▶ **TASK ITEM**
Copy out the listing that follows, exactly, without its pictures.
[Opening COLLECTED DATA section]
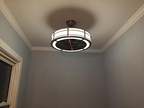 The Home Decorators Collection Drum Style 23 in. Brushed Nickel pendant fan will catch everyone's eyes because of its unique design and functionality. The housing is illuminated with two 23-Watt LED light strips that are fully dimmable and will last up to 50,000 hours. Also it comes with a remote control that can independently control the light brightness and speed of the fan, battery included. 3 speed reversible control for maximum year-round comfort and savings. Trendy drum cage fan design. Drum style housing light with frosted glass. 4.5 in. downrod included. 15.15 in. overall fan height with 4.5 in. downrod.Feature
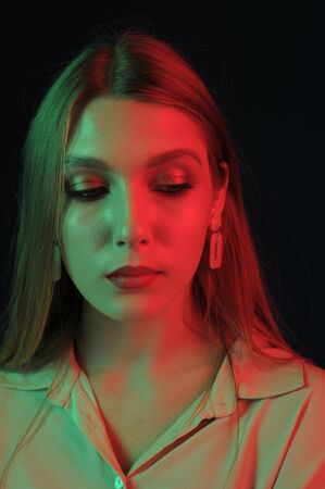 Beautiful, glamorous, girl, model in a photo studio with color filters. Portrait, beauty, style. Girl in a photo studio with a yellow filter. A girl of 18 years old with blond hair and beautiful eyes.
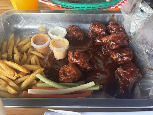 Read moreFui un día miércoles, no había tanta gente, el lugar es relativamente agradable, lo que me disgustó fue el volumen de la música que te impedía tener una platica. Nos dan el menú, y desde ahí te das cuenta si el lugar es limpio o no, estaba todo pegostioso, cochambroso me dio asco agarrarlo. Lo único rescatable fue el mesero que nos dio muy buena atención. Pedí una Naranjada Mineral, y parecía agua de naranja suuuper rebajada, ni sabor tenía y menos era mineral 🤦🏻♀️ Pedimos Boneless y Alitas, ambas cosas nos llegaron frías, los boneless parecían de un día antes porque estaban HORRIBLES, parece que solo los medio calentaron. Pedimos una orden de papas de gajo, y otra cosa verdaderamente horrible. Llenas de grasa y de igual forma parecía que eran del día anterior porque no se sentían frescas. Las alitas ya no las probé porque me dio tremendo asco.
[Closing COLLECTED DATA section]
▶ **ANSWER SECTION**
 The Home Decorators Collection Drum Style 23 in. Brushed Nickel pendant fan will catch everyone's eyes because of its unique design and functionality. The housing is illuminated with two 23-Watt LED light strips that are fully dimmable and will last up to 50,000 hours. Also it comes with a remote control that can independently control the light brightness and speed of the fan, battery included. 3 speed reversible control for maximum year-round comfort and savings. Trendy drum cage fan design. Drum style housing light with frosted glass. 4.5 in. downrod included. 15.15 in. overall fan height with 4.5 in. downrod.Feature
 Beautiful, glamorous, girl, model in a photo studio with color filters. Portrait, beauty, style. Girl in a photo studio with a yellow filter. A girl of 18 years old with blond hair and beautiful eyes.
 Read moreFui un día miércoles, no había tanta gente, el lugar es relativamente agradable, lo que me disgustó fue el volumen de la música que te impedía tener una platica. Nos dan el menú, y desde ahí te das cuenta si el lugar es limpio o no, estaba todo pegostioso, cochambroso me dio asco agarrarlo. Lo único rescatable fue el mesero que nos dio muy buena atención. Pedí una Naranjada Mineral, y parecía agua de naranja suuuper rebajada, ni sabor tenía y menos era mineral 🤦🏻♀️ Pedimos Boneless y Alitas, ambas cosas nos llegaron frías, los boneless parecían de un día antes porque estaban HORRIBLES, parece que solo los medio calentaron. Pedimos una orden de papas de gajo, y otra cosa verdaderamente horrible. Llenas de grasa y de igual forma parecía que eran del día anterior porque no se sentían frescas. Las alitas ya no las probé porque me dio tremendo asco.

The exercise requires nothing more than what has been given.